The Barrels

What You Might Use

You will need Barrels for your dog to run around. You do not want 55 gallon barrels for a 20 pound dog. But if you are creative you will find something the right size for your dog. You might use three small empty metal watering buckets, or three over turned plastic 5 gallon buckets. Or you might use traffic cones or overturned small to medium trash cans. You want something that if run into by either you (training) or the dog would not get hurt on. Flower pots could be used, but are not advised. Laundry baskets might work, unless it is a windy day. For very small dogs, large empty up side down, vegetable cans might work.

You can decorate your barrels to look better for training or even just to mark them as yours so that family members won't run off with your training devises. Some items you will be able to paint others you could cover with fabric. Remember when you take photos, cuter, fancier barrels are better then a rusted out item.

Your barrels are set up in a clover leaf pattern (photo coming) and set closer at first when you start training then they will be later in training and or at competitions.


How To Set Them Up

Barrel Racing Pattern

This is the current settings for Dog Barrel Racing. I am going to recommend that for smaller dogs the barrels or the pattern is set closer together.

When you first start training your dog, place the barrels close together in a triangle. My training barrels are set at approx. 20' apart. As your dog gets better and better in training sessions, you move the barrels out a little at a time.


Introduction To The Barrels

Frankie Introducted to the Barrels

Some dogs will do anything, aren't afraid of anything, won't pee on new items. But most, well. Some dogs are going to need to be introduced to the barrels. You will need to walk them around the barrels on leash. Let the dog sniff the barrels, or whatever you are calling barrels, but NEVER LET A MALE DOG EVEN BEGIN TO LIFT IT'S LEG! Once the dog is comfortable around the barrels real training begins.

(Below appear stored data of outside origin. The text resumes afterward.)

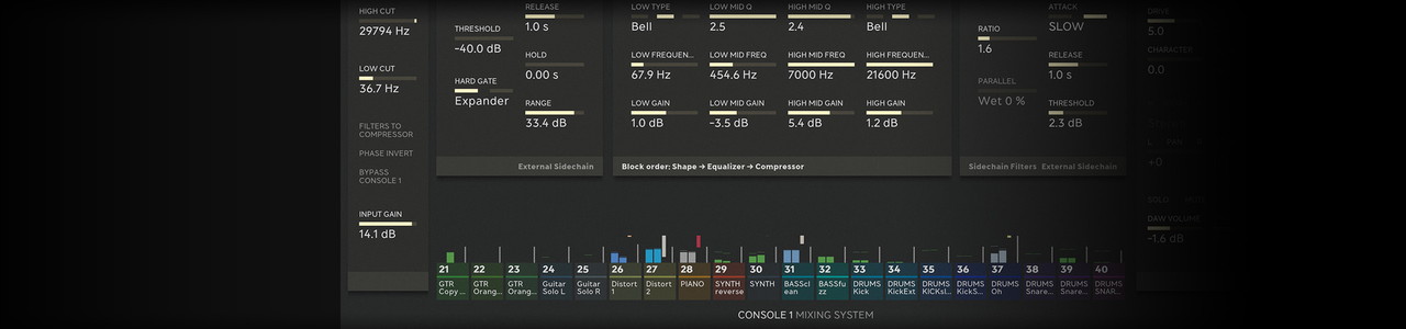 Console 1のDriveノブは歪みの量を決めます。Characterノブは、アナログ版と同様、追加する歪みを2次歪み(真空管寄り)から3次歪み(トランジスタ寄り)、またはこの中間に変化させます。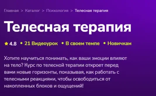 Хотите научиться понимать, как ваши эмоции влияют на тело? Курс по телесной терапии откроет перед вами новые горизонты, показывая, как работать с телесными реакциями, чтобы освободиться от накопленных блоков и ощущений!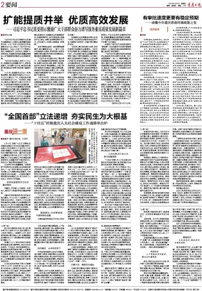 立法审议项目数量翻番,“全国首部”的创制性立法递增;执法检查创新迭代,“一法一条例”模式成为品牌;民生实事人大代表票决制全面铺开,代表深度参与民生监督……这些具有重庆辨识度的法治建设工作,有力夯实了人民至上、民生为大的根基。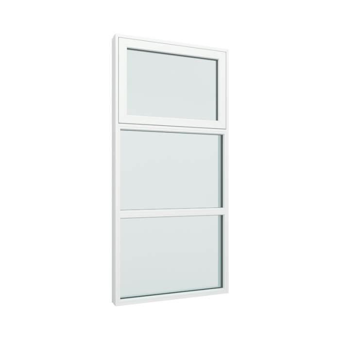 med 1x3 glassfelt og toppstyrt ramme i midten i topp (PVC-U1-13-TT)
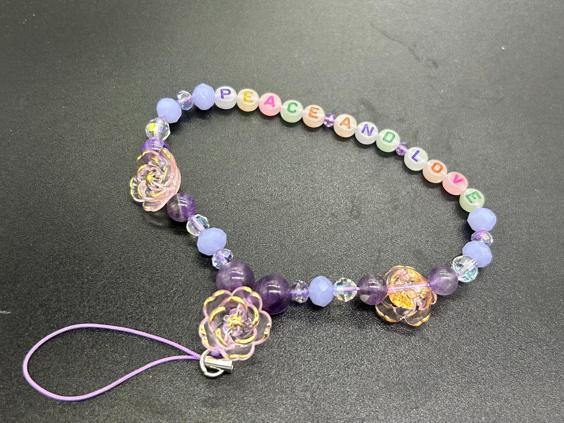 Bijou de GSM « Peace And Love » Améthyste et perles fantaisie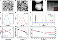| Fig. 1. SEM image of (a) micron NMC811 and (b) nano NMC811. Single crystal particle size distribution of (c) micron NMC811 and (d) nano NMC811. (e) STEM image of nano NMC811. (f) High angle annular dark field (HAADF) image and corresponding fast Fourier transform (FFT) of nano NMC811. (g) XRD pattern of nano NMC811. (h) Charge/discharge profile at 0.1 C, (i) rate performance and (j) discharge capacity and Coulombic efficiency during cycling at 0.5 C of nano NMC811 and micron NMC811. | |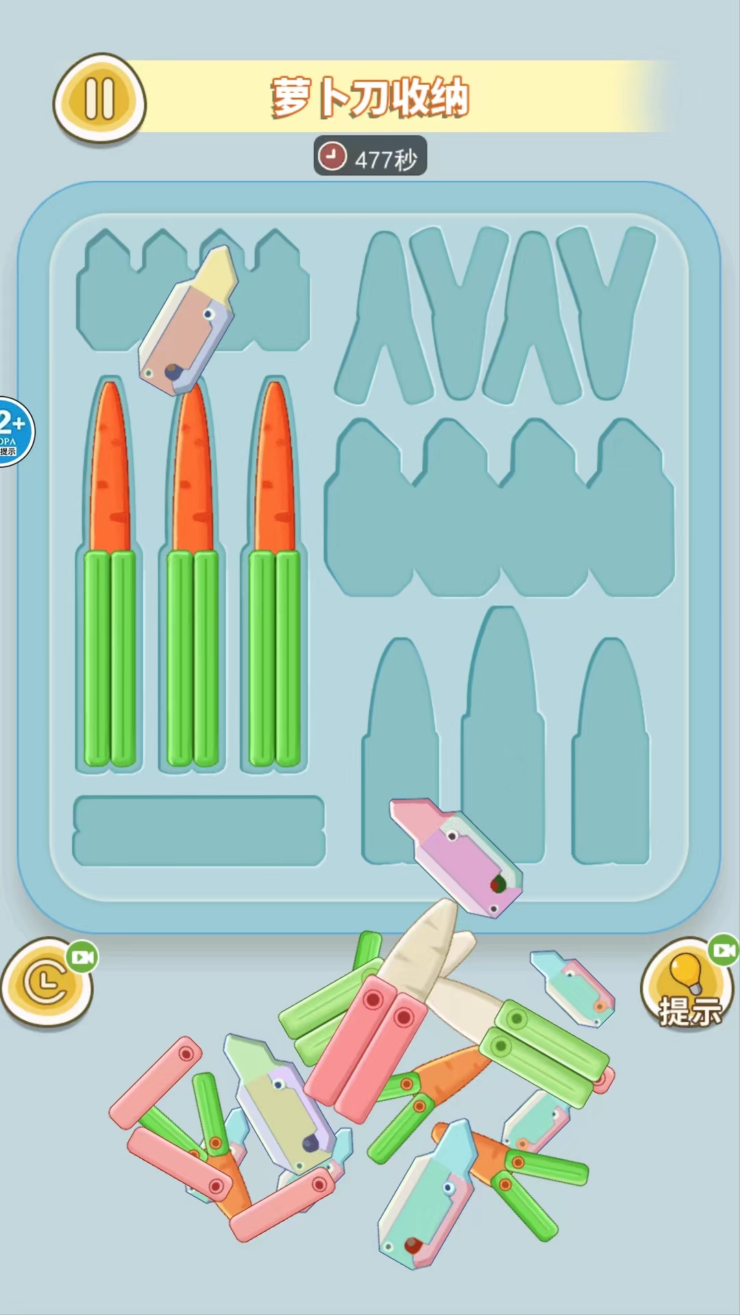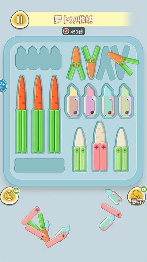 1、每个萝卜刀都有其独特的形状和大小,需要玩家根据其特点来合理地安排位置。

If your dog is leery or afraid of the barrels DO NOT BABY THE DOG. If the dog receives this type of attention from acting afraid of the barrels you are teaching the dog to be afraid of the barrels and probably everything else. Just tell the dog "it's ok" and keep working the dog near then closer to the barrels.


What If They Are Peed On?

CLEAN THEM! Or your dog and every other male dog will stop to sniff and lift their leg on it again. It is a good idea, when working with a group of dogs or if you own a male dog to have a soapy water bottle and or a bucket or soapy water with cleaner and a roll of paper towels for just this sort of thing.

Really wipe down that barrel and it's bottom with soapy water, rinse if you can and maybe even dry it. Move the barrel at least a few inches after it is peed on.

Another idea is the male dog belly strap, a diaper for male dogs.

Dogs should not go potty any where near the Barrel Pattern. You should establish an area for them to go. Dogs are dogs are dogs. Take your dog to that area before starting to work with or on the barrels.

It is part of Barrel Race Dog Training to teach the dog NOT to lift a leg on the barrels or to use the area for a toilet at all.


When They Get Knocked Down

It is going to happen, you or your dog brushing up against a barrel at a fast rate, the wind blows, or the dog jumps up on one, the barrel will fall. The truth is, that is what you want, for the barrel to fall away from you rather then a hurt foot, or shoulder or head.

When a barrel falls IGNORE IT AND KEEP RUNNING. Try to hold the dog's attention. IF the dog spooks from the falling barrel do not baby or correct the dog, quickly tell the dog "everything is ok" then go right back to where you were. When the "go" is over, set the barrel back up and have the dog run the pattern again.


TAKE CARE OF YOUR BARRELS

What ever you are using for your dog to run around, and especially if you are fortunate enough to own "actual dog sized barrels", Take Care Of Them. Be sure to keep them clean and nice. Put them indoors when they are not in use, if you can at all, especially in the winter months. Keep them out of full sun during the full summer. Don't let your barrels blow away in the wind. And if you can at all, don't use them for other uses. Otherwise. Your dog may not have barrels to run the next season you are ready to train for fun or competition.